▶ _Dataset extract_
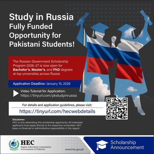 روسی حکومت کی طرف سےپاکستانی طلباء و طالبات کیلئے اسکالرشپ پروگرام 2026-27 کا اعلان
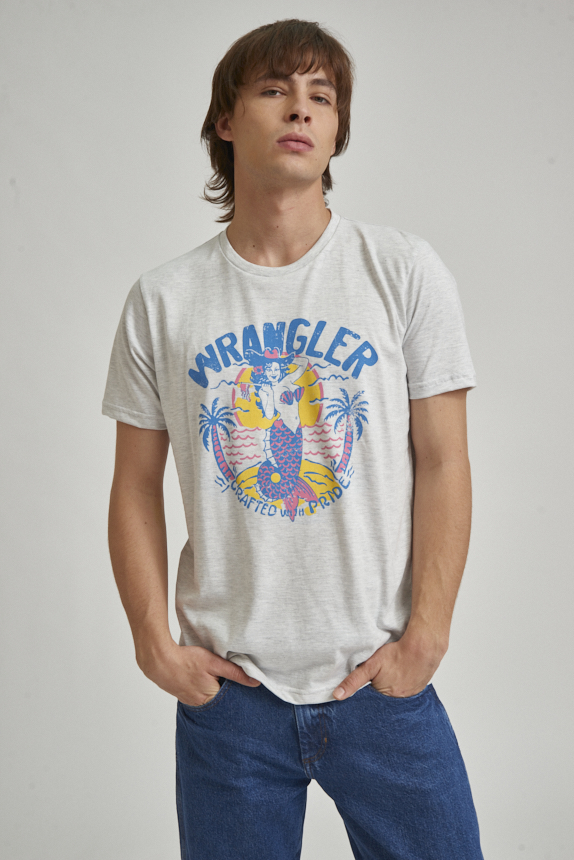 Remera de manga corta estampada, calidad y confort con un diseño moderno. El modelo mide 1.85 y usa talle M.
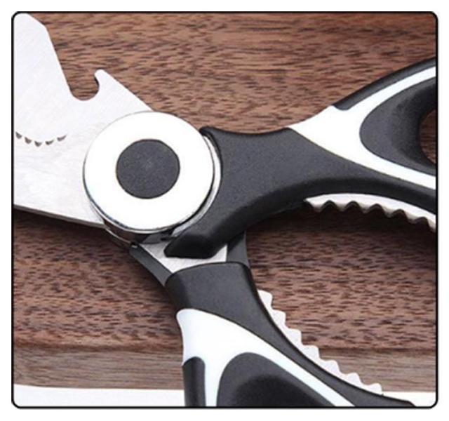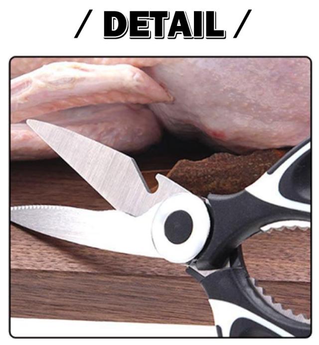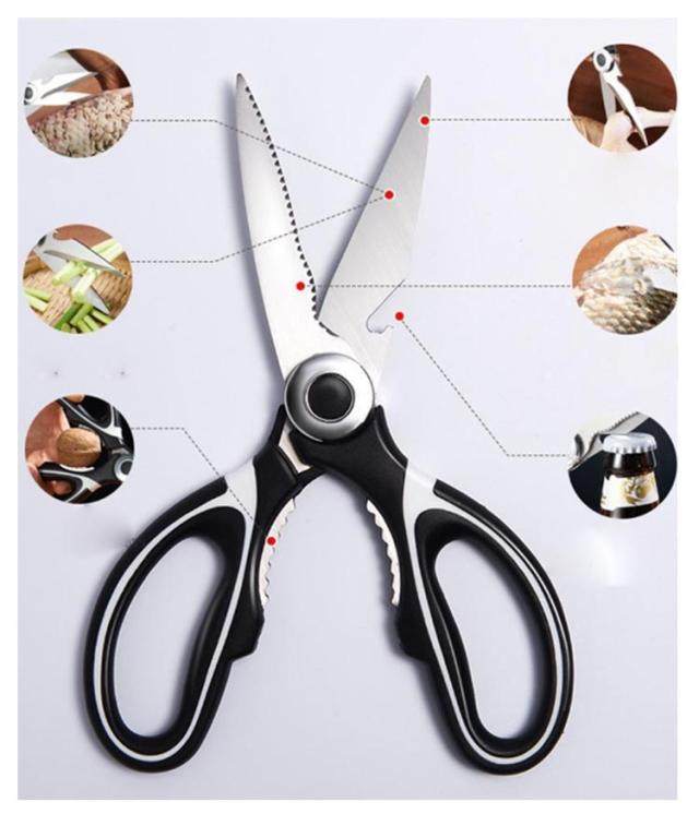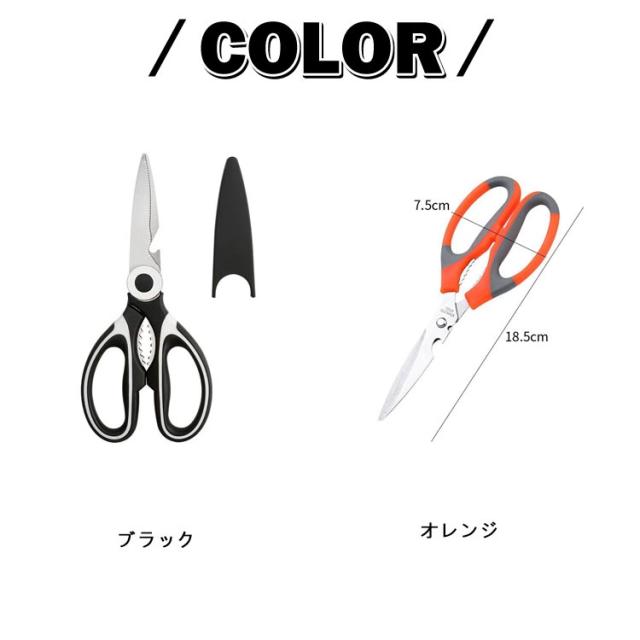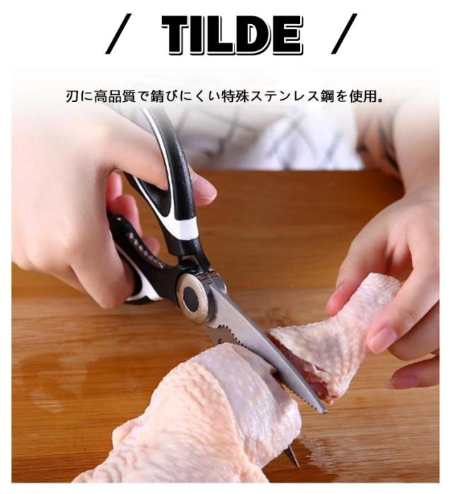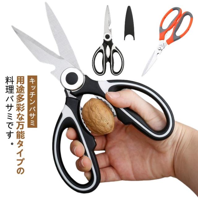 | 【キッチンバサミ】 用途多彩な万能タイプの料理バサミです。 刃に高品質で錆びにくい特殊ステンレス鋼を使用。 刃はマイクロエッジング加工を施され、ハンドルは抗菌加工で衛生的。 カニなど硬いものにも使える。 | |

▶ _What the task asks_
Write out, with no pictures, only the lines from the line containing "Remera de manga" through the last line of the listing above, exactly and with both ends included.

▶ _Output for this exercise_
 Remera de manga corta estampada, calidad y confort con un diseño moderno. El modelo mide 1.85 y usa talle M.
 | 【キッチンバサミ】 用途多彩な万能タイプの料理バサミです。 刃に高品質で錆びにくい特殊ステンレス鋼を使用。 刃はマイクロエッジング加工を施され、ハンドルは抗菌加工で衛生的。 カニなど硬いものにも使える。 | |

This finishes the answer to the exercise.